When the highly visible founder of an organization selling professional development to schools retired sooner than expected, the CEO knew it was time to reposition the company. A competent in-house team managed all aspects of their teacher-training offerings. But this group did not have the experience or the time to collect and analyze the market data needed to reshape the business plan. As a result, the CEO turned to an independent contractor to design and deliver a market-research study that will inform the business strategies of the organization for years to come.

Managers of organizations that sell to schools determine their human resource requirements, taking into account the operational needs of their business. The right size, however, is sometimes at odds with the K-12 market sales cycle, opportunities, and expectations. When that happens, organizations discover that independent contractors can quickly get up to speed and provide a timely, cost-effective way to magnify your company's productivity.

Outsource to Take Advantage of Timely School Market Opportunities

Independent contractors are market-savvy experts who can complement in-house talent with strategic thinking and deep tactical expertise. Using their time-delimited services can help companies take advantage of market opportunities by providing business-plan development, product development, design, advertising, marketing, sales, research, organizational development, and many other services.

During decades of working with schools and selling to schools, I’ve hired contractors and I’ve been hired many times as a contractor. The decision to hire an independent contractor for either a short project or for a long-term assignment is as important as hiring any other key employee.

Ten Characteristics of Effective, Productive Work with Independent Contractors

1. Start with the end in mind. 

A constructive business relationship starts by envisioning the end as clearly and as tangibly as possible. It’s often helpful to ask, “What does success look like?” It’s interesting how often projects are described in process terms as well as by a set of goals, but not as often in concrete, mutually understood terms.

2. Build and use scaffolding. 

Structure helps define the relationship, opens lines of communication, and keeps projects on time and on task. Here are some structural elements to consider:

Develop and review together a clear project action plan that includes realistic timelines and milestones with mid-course sign-offs.

Build in regular communications. This avoids having either party saying, “I thought you meant …”

Meet deadlines and make decisions in a timely fashion. Missing deadlines or delaying critical go-forward decisions can be costly.

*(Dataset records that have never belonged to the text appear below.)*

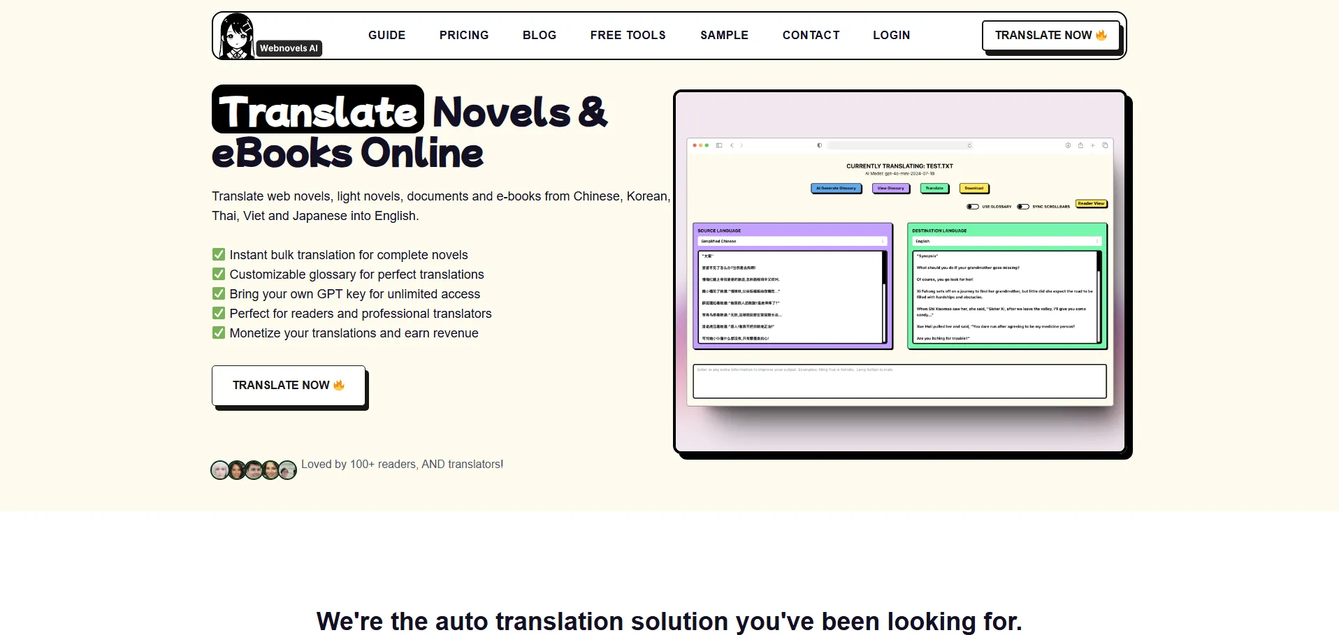 Webnovels AI es una plataforma de traducción en línea especializada en convertir novelas y documentos de literatura asiática—chino, japonés y coreano—al inglés de forma rápida y precisa. Gracias a su sistema de traducción masiva instantánea, los usuarios pueden procesar libros completos en segundos con mínima edición manual. Incorpora glosarios personalizables para mantener la coherencia terminológica y un motor de IA que aprende de tus ajustes para perfeccionar futuras traducciones. Además, admite múltiples formatos de archivo para facilitar la descarga y lectura en cualquier dispositivo.
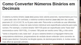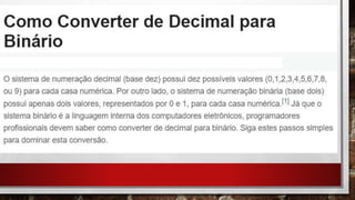 O documento explica como converter números binários para decimal através de algumas etapas: 1) Listar as potências de 2 correspondentes aos dígitos binários; 2) Multiplicar cada dígito pelo valor da potência de 2 correspondente; 3) Somar os resultados para obter o número decimal equivalente. Também mostra como converter números entre sistemas binário, decimal e hexadecimal.
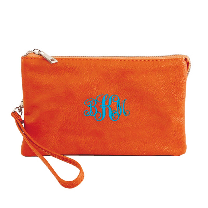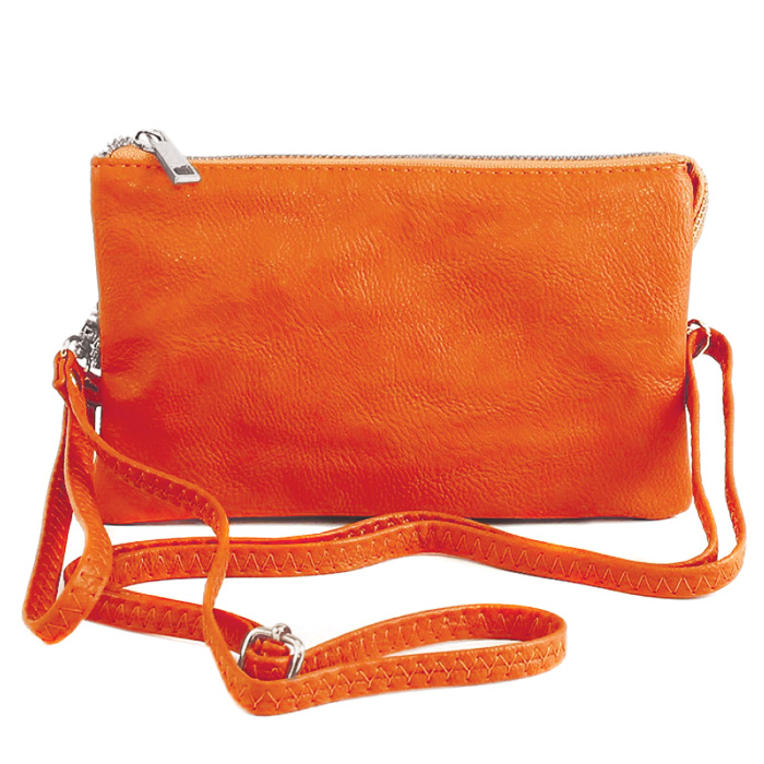 9065- ORANGE PU LEATHER TRI POCKET CLUTCH / CROSS BODY BAG
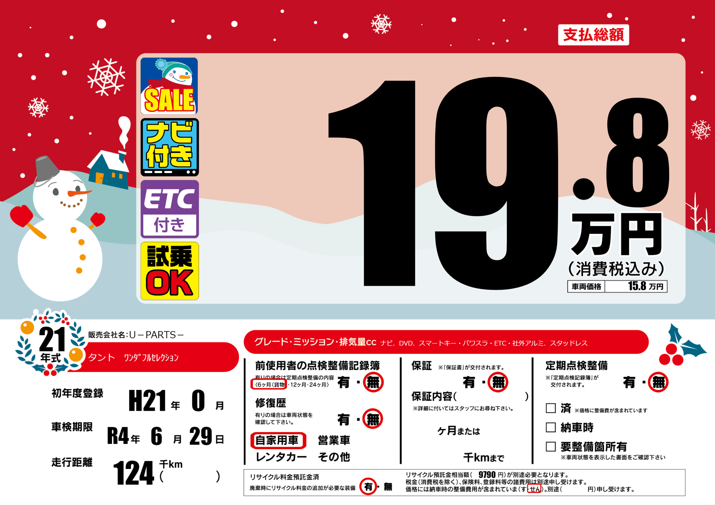| 車名 | タント ワンダフルセレクション | グレード ミッション 排気量 |
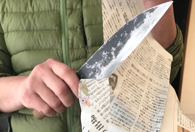 ストロップをかけると刃先の曇りが取れて、鏡面仕上げのような質感になる。それでは、手近な紙を切ってみよう! (友人宅の包丁で撮り忘れちゃったから家にあった種子包丁に選手交代。もちろんこれにもストロップをかけた)
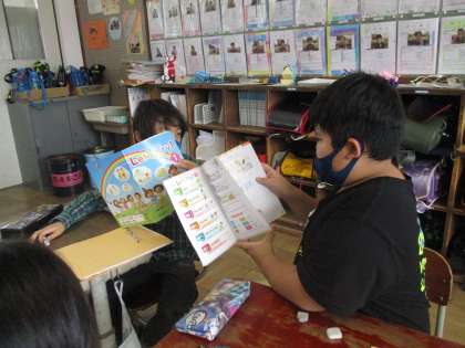 英語で自分の好きなものを伝え合いました。自分と同じものが好きな人のことを上手に質問して聞くことができていました。

They stall the process, cause higher costs, and create lost opportunities.

Identify responsibilities, in particular, shared responsibilities, which is often where projects are bogged down.

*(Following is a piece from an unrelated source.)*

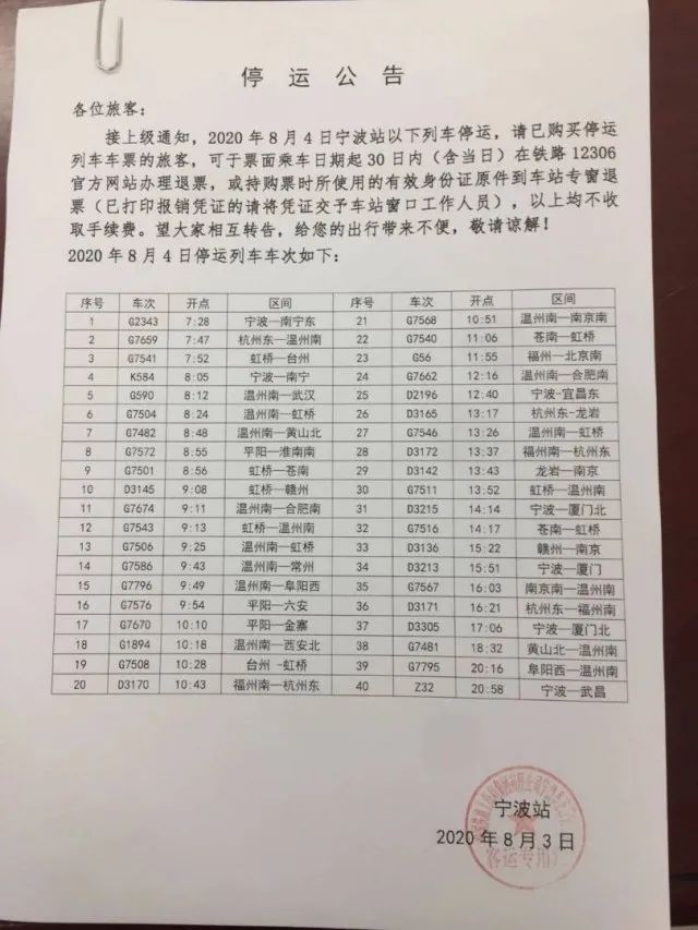 8月4日铁路宁波站40趟列车停运

Set clear project parameters, including how the project will end (written report? presentation? run for the exit?).

Stay focused on the project’s goals, especially in fixed-fee contracts, which might result in false expectations or cost overruns. Projects that grow in scope or start to take on a new shape need a new plan.


3. Don’t spare the details when bringing a contractor up to speed with the organization. 

On one project, I had the chance to tour a nuclear submarine while it was being built. On another, I worked on the layout, printing, and delivery of a metropolitan newspaper. These experiences created indelible clarity about the fundamental operations of the organization while showing how my work could make an impact.


4. Clarify the contractor's role. 

Often when I take on a contract that requires me to spend significant time at a client’s site, I am asked to "sit in" on meetings. I always ask whether they want me to listen (to get oriented to the organization) or actively participate. It matters.


5. Get the contractor situated. 

Depending on the arrangement, "situated" might mean having temporary access to the organization’s network, entry into the office, a workspace, or special equipment.


6. Identify the person to whom the contractor reports on a daily basis. 

While contractors are often brought on board by C-level executives, it’s often a person on staff who supervises the contractor’s project. The sooner this person is identified, the more efficiently the project will run.


7. Open the door to resources.

Identify who can help clear the way to schedule meetings, book conference rooms, provide technical support, and so forth.


8. Explain the purpose and presence of the contractor to the organization. 

There are always questions when a new person is brought into an organization. Let employees know what the contractor is there to do, how to interact with him or her, and when they’ll be available. This is particularly important when a contractor works primarily off-site.


9. Make sure the contractor is paid. 

Many organizations do not have systems in place to accommodate paying a contractor. And if there are unique invoicing requirements, help the vendor get through the system, especially the first time. Like many contractors, I often have to wait an extra cycle or two before being paid the first time.

10. After appropriate due diligence, let the contractor do the job. 

If you’ve hired someone to solve a problem for you, it’s important to let him or her do his or her work.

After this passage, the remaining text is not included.